A closed-loop local-global integrated hierarchical estimator (CLGIHE) approach for object tracking using multiple cameras is proposed. The Kalman filter is used in both the local and global estimates. In contrast to existing approaches where the local and global estimations are performed independently, the proposed approach combines local and global estimates into one for mutual compensation. Consequently, the Kalman-filter-based data fusion optimally adjusts the fusion gain based on environment conditions derived from each local estimator. The global estimation outputs are included in the local estimation process. Closed-loop mutual compensation between the local and global estimations is thus achieved to obtain higher tracking accuracy. A set of image sequences from multiple views are applied to evaluate performance. Computer simulation and experimental results indicate that the proposed approach successfully tracks objects.

## Keywords

## 1. Introduction

Visual object tracking is an important issue in computer vision. It has applications in many fields, including visual surveillance, human behavior analysis, maneuvering target tracking, and traffic monitoring. The two main types of visual tracking algorithms are target representation and localization algorithms and filtering and data association algorithms [1]. For target representation and localization algorithms, tracking a moving object typically involves matching objects in consecutive frames using features such as edge, region, shape, texture, position, and color. Comaniciu et al. [1] presented a kernel-based framework for tracking nonrigid objects. The mean shift algorithm [2] uses the repeated movement of data points to the sample means. The mean shift algorithm is shown to have effective computation and good tracking performance, but it tends to converge to a local maximum. For filtering and data association algorithms, the state estimation method is used for modeling the dynamic system of visual tracking. The state space approach recursively estimates the state vector in two consecutive stages: prediction and updating. In the prediction step, the prior estimate of the current state is derived using a dynamic equation. In the updating step, the posterior estimate of the state is updated based on measurements. A state space approach which incorporates measurements into existing object tracks within the framework of Kalman filtering was developed in [3]. Cui et al. [4] presented a laser-based dense crowd tracking method. Particle filters, which are based on the Monte Carlo integration method for implementing a recursive Bayesian filter, have also been proposed [5, 6]. The key idea is to represent the required posterior estimate by a set of random samples with associated weights. A particle filter can effectively deal with clutter and ambiguous situations. However, if the dimension of the state vector is high, a particle filter has a very large computational cost [7–9]. Cheng and Hwang [10] combined a Kalman filter with particle sampling for multiple-object video tracking.

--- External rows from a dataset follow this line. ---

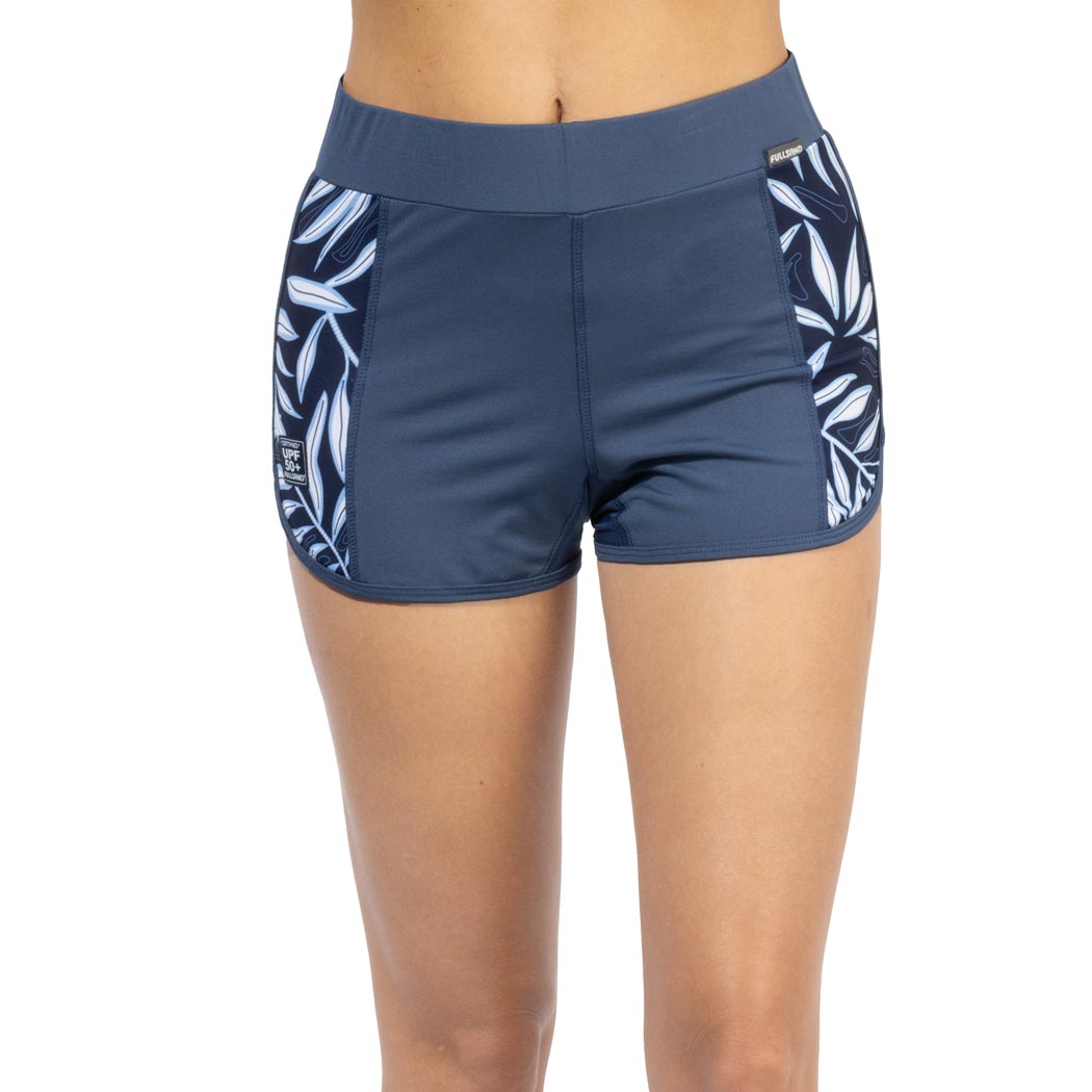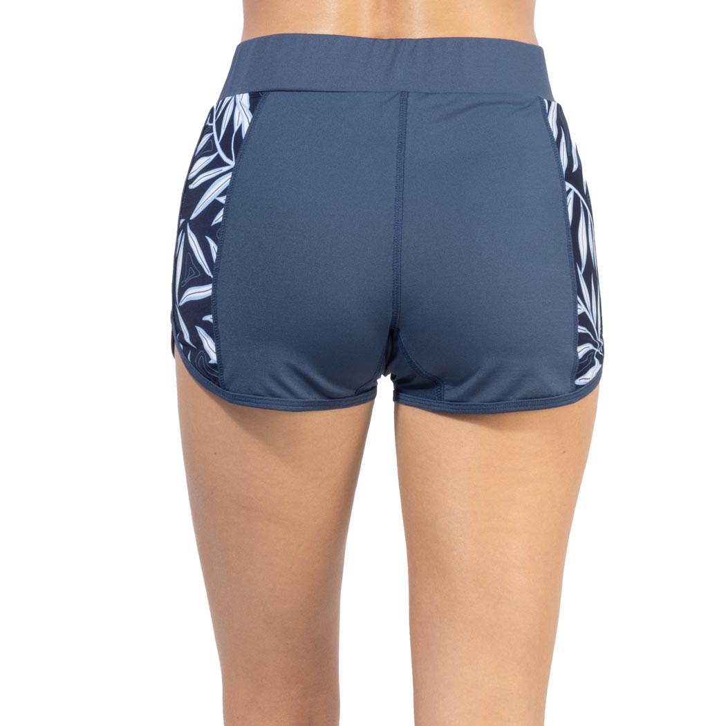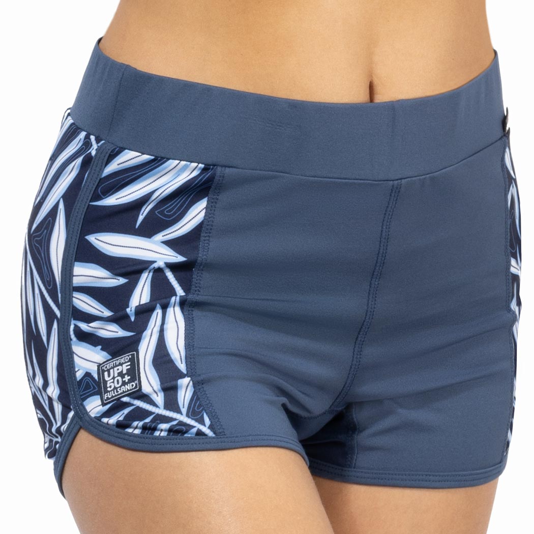 Esta prenda te hará lucir fantástica en tus próximas vacaciones a la playa o la alberca con este bóxer para dama en color azul acero, de tela sublimada estampada en laterales con motivo Peciolo Lycra, es una práctica prenda que cuenta con nuestra certificación UPF50+ que mantendrá tu piel protegida de los rayos solares, confeccionada de tela fresca, suave y ligera esta super recomendada para actividades acuáticas, es de secado ultra rápido y no guarda olores.
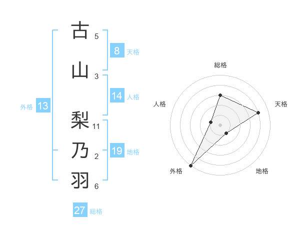 古山 梨乃羽さんを姓名の画数から五運を鑑定
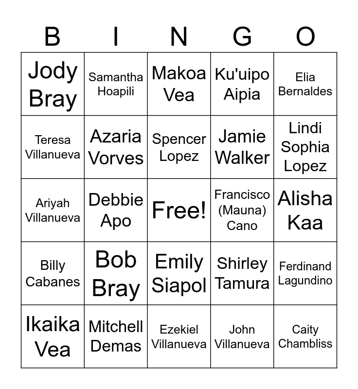 This bingo card has a free space and 116 words: Bradley Cano, Brennan Cano, Jason Wandasan, Esty Wandasan, Sam Aipia, Teresa Aipia, Ku'uipo Aipia, Tito Cabanes, Nami Cabanes, Aisha Cabanes, Akito Cabanes, Frank Bully Cano, Judy Cano, Alvin Higashi, Deborah Higashi, Ellison (Eli) Siapol, Emily Siapol, Edwina Simao, Randy Simao, Alisia Vea, Ikaika Vea, Makoa Vea, Gideon Siapol, Rosslyn Siapol, Nathaniel Simao, Billy Cabanes, Mitchell Demas, Yolanda Demas, Scott Lopez, Shayna Lopez, Lindi Sophia Lopez, Spencer Lopez, Debbie Apo, Earl Demas, Kathy Dias, Jim Jimenez, Virginia Jimenez, Lee Ann Olores, Sage Olores, Michelle Omura, Aaron Provchy, Camille Provchy, Letitia Rapozo, Tiana Sanchez, Angel Santiago, Lorita Santiago, John Villanueva, Teresa Villanueva, Michael Whitehead, Nicole Whitehead, Lance Ebert, Francisco (Mauna) Cano, Jacquelyn (Pomai) Cano, Keahi Cano, Kinohi Cano, Franchot Hawaiian Cano, Pamai Cano, Laurinda (Lei) Cano, Jade Casmass, Elly Ebert, Ferdinand Lagundino, Erdin Lagundino, Beverly Lavens, Tawnya McMurray, Austin McMurray, Napua Niau, Rose Nordmeier, Azaria Vorves, Ariyah Villanueva, Anthony Kaa, Alisha Kaa, Kuena Kaa, Michael Chambliss, Lincoln Chambliss, Logan Chambliss, Caity Chambliss, Bob Bray, Jody Bray, Savannah Cano, Leilani Duarte, Lionel Hoapili, Samantha Hoapili, Kathy Okada, Shirley Tamura, Jamie Walker, Denise Westerman, Saige Cano, Mark Kaufman, Keale Rull, Naiona Driver, Remi Driver, Kiani Driver, Isaiah Driver, Jacqueline Bernaldes, Elia Bernaldes, Danica Gonsalves, Kevin Gonsalves, Moani Keala, Abby Keala, Amber Martinez, Pearce Martinez, Kanyon Mattos, Chloe Mattos, Levi Nerpio, Nani Nerpio, Lehua Nerpio, Pohaku Nerpio, Tawai Rull, Ezekiel Villanueva, Melia Villanueva, Sofia Villanueva, Trenton Whitehead, Nainoa Leong, Tiare Leong, Taina Leong and Kawena Leong.
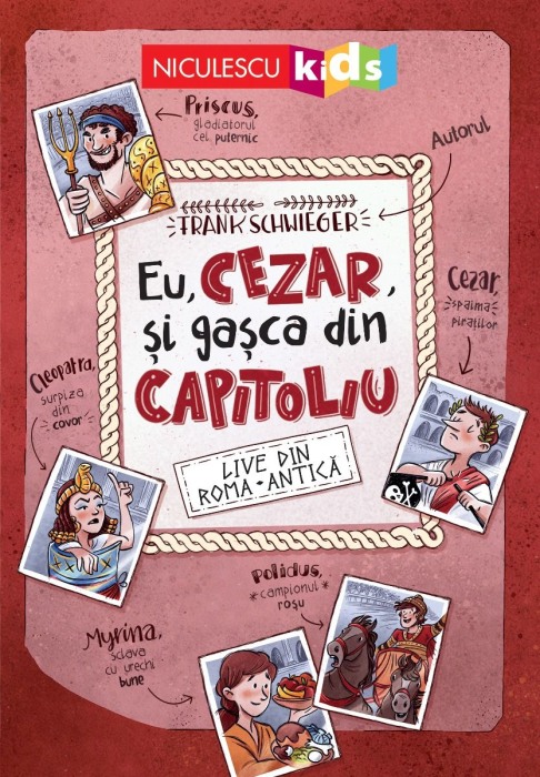 Eu, Cezar si gasca din Capitoliu. LIVE din Roma Antica! de Frank SchwiegerDe ce e Romulus mereu nespus de furios?Cum se face ca niste gaste gagaitoare ajung sa salveze Capitoliul?Cum de se lasa Cleopatra infasurata de buna voie intr-un covor plin de praf?Si de ce trebuie sa intre doi gladiatori, buni prieteni, intr-o lupta unul impotriva celuilalt?Cartea prietenilor din Roma antica:Cezar & Co. isi povestesc aici nenumaratele lor aventuri!Traducere de: Ioan LazarescuVarsta recomandata: 8+
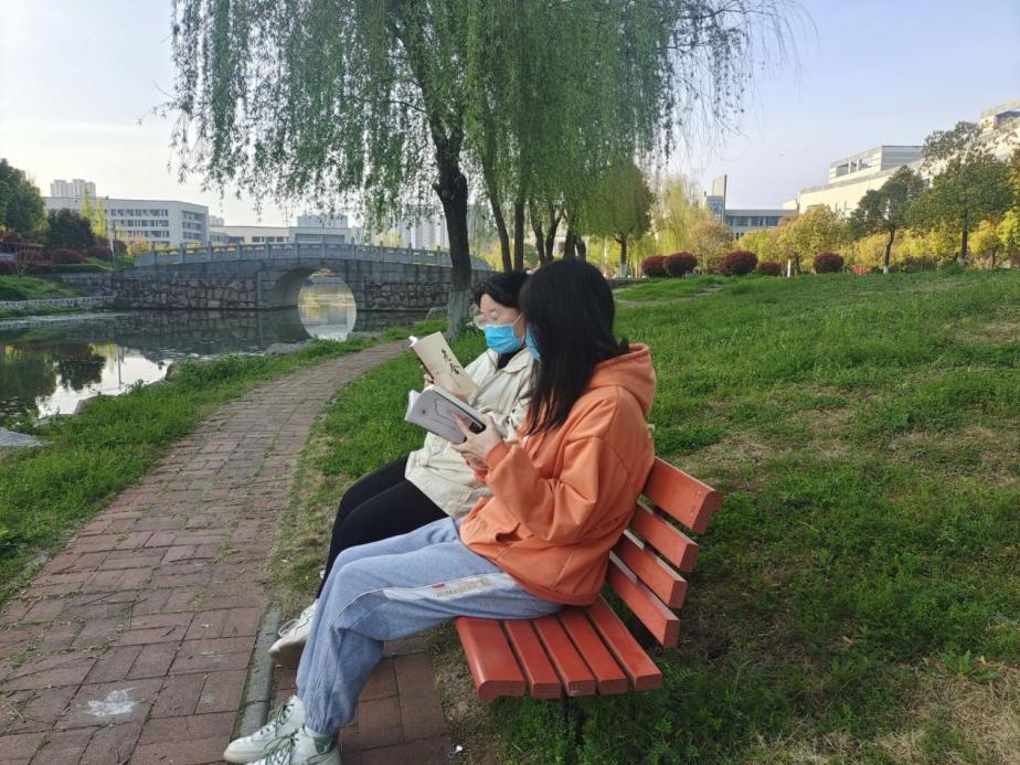 一日之计在于晨,同学们抓住早晨宝贵的时间,开始进行早读活动。坐在映书湖旁,湖边的景色配上朗朗的读书声,正是安工大春日美丽的风景线。

In the tracking procedure, once measurements are received, data association must be applied to determine the exact relationship between measurements and predicted objects. Several algorithms have been developed for data association, such as probabilistic data association (PDA) and joint probabilistic data association (JPDA) [11]. The PDA approach for multitarget tracking, presented by Kershaw and Evans [12], reduces the complexity associated with more sophisticated algorithms by focusing on a few most likely hypotheses.

Occlusion is considered an essential challenge in tracking moving objects. Consequently, a number of recent studies have used multiple views to handle occlusion [13–19]. In [13], a recursive algorithm for stereo was developed. The scheme uses an extended Kalman filter to recursively estimate 3D motion and the depth of moving objects. In [14], a discrete relaxation approach for reducing the intrinsic combinatorial complexity was introduced. The algorithm uses prior knowledge from 2D tracking of each view to obtain real-time 3D tracking. Hu et al. [15] proposed a framework for tracking multiple people about uncalibrated occlusion reasoning. Khan and Shah [16] presented a tracking system based on the field of views (FOVs) of multiple cameras. Another 3D object tracking method that uses multiple views was presented in [17]. Ercan et al. [18] proposed a particle-based framework for single-object tracking with occlusions in a camera network. This approach requires prior knowledge of the environment and the FOV of each camera for estimating the likelihood of whether the object will be occluded from the view of a camera. Furthermore, they did not address the issue of data fusion. Multiple-view data fusion systems have been investigated in several studies [20, 21].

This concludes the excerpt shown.